** Problem to solve **
Working from the top of the listing below, retype each line through the line containing "Equation (16) has", both included, with no pictures.

** Records provided **

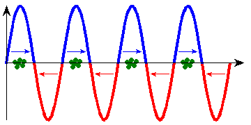 교대로 원통형 전극에 적용되는 진동 전압은 반대 극성(180° 위상차)을 가지므로, 인접한 전극은 반대 전압을 갖는다. 이는 각 전극 쌍 사이의 간극에 진동하는 전기장(E)을 생성하여 입자가 통과할 때 힘을 가해 에너지를 전달, 가속시킨다. 입자원에서 전압의 각 주기마다 한 번씩 첫 번째 전극에 입자 그룹을 주입하며, 이때 전극의 전하는 입자의 전하와 반대이다. 입자 묶음이 전극을 통과할 때마다 진동 전압이 극성을 변경하므로, 입자가 전극 사이의 간극에 도달하면 전기장이 입자를 가속하는 올바른 방향으로 향한다. 따라서 입자는 전극 사이를 통과할 때마다 더 빠른 속도로 가속된다. 전극 내에는 전기장이 거의 없으므로 입자는 각 전극 내에서 일정한 속도로 이동한다.
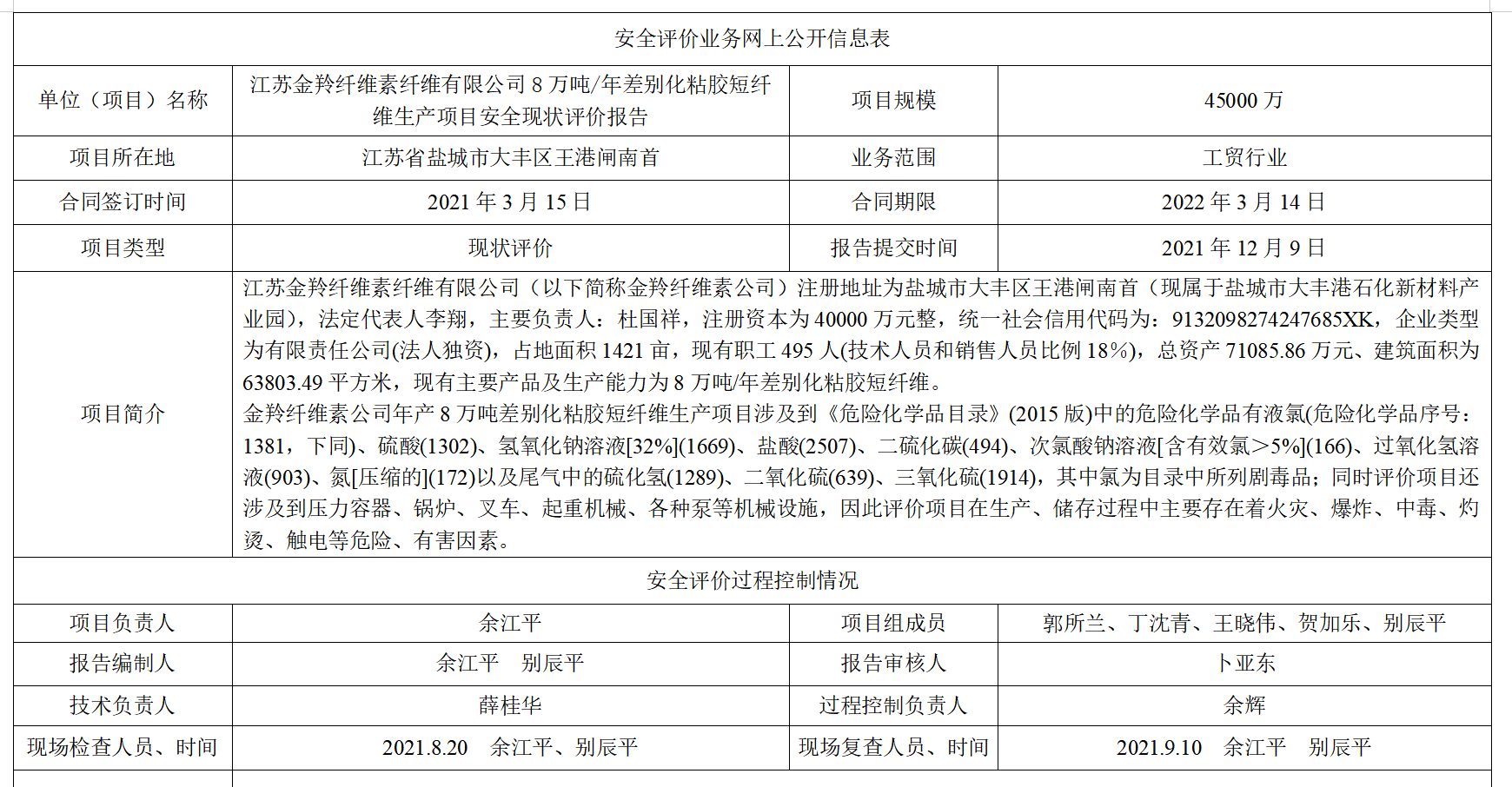 江苏金羚纤维素纤维有限公司8万吨/年差别化粘胶短纤维生产项目安全现状评价报告
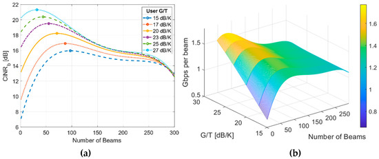 Equation (16) has been derived from multiple simulations evaluating different scenarios and different technical requirements. In these simulations, the is obtained. A total of 14,000 different combinations of the number of beams, user G/T, and link availability for each scenario have been evaluated to obtain .
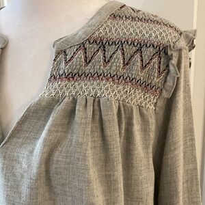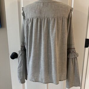 Philosophy small top long bell sleeves gray smocked v-neck boho
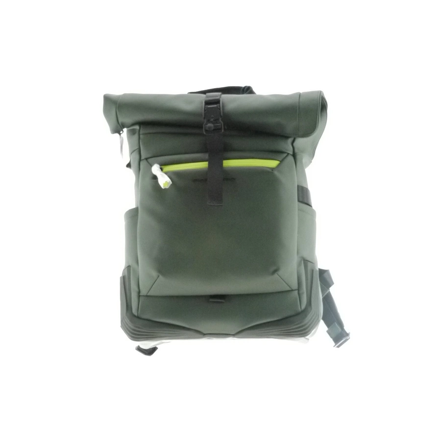 Water-resistant roll-top laptop and iPad® backpack with adjustable chest strap, padlock and portable bike light attachments, and RFID protection.
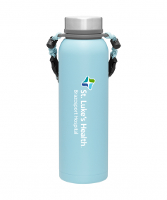 32 oz double wall 18/8 stainless steel thermal bottle with copper vacuum insulation, insulated stainless steel threaded lid, silicone ring, removable strap with buckles, removable clasps, and powder coated finish. Individual gift box. Hand wash recommended. Do not microwave. Complies with FDA, Prop 65. 11" H x 3.1875" W

** Response to this task **
 교대로 원통형 전극에 적용되는 진동 전압은 반대 극성(180° 위상차)을 가지므로, 인접한 전극은 반대 전압을 갖는다. 이는 각 전극 쌍 사이의 간극에 진동하는 전기장(E)을 생성하여 입자가 통과할 때 힘을 가해 에너지를 전달, 가속시킨다. 입자원에서 전압의 각 주기마다 한 번씩 첫 번째 전극에 입자 그룹을 주입하며, 이때 전극의 전하는 입자의 전하와 반대이다. 입자 묶음이 전극을 통과할 때마다 진동 전압이 극성을 변경하므로, 입자가 전극 사이의 간극에 도달하면 전기장이 입자를 가속하는 올바른 방향으로 향한다. 따라서 입자는 전극 사이를 통과할 때마다 더 빠른 속도로 가속된다. 전극 내에는 전기장이 거의 없으므로 입자는 각 전극 내에서 일정한 속도로 이동한다.
 江苏金羚纤维素纤维有限公司8万吨/年差别化粘胶短纤维生产项目安全现状评价报告
 Equation (16) has been derived from multiple simulations evaluating different scenarios and different technical requirements. In these simulations, the is obtained. A total of 14,000 different combinations of the number of beams, user G/T, and link availability for each scenario have been evaluated to obtain .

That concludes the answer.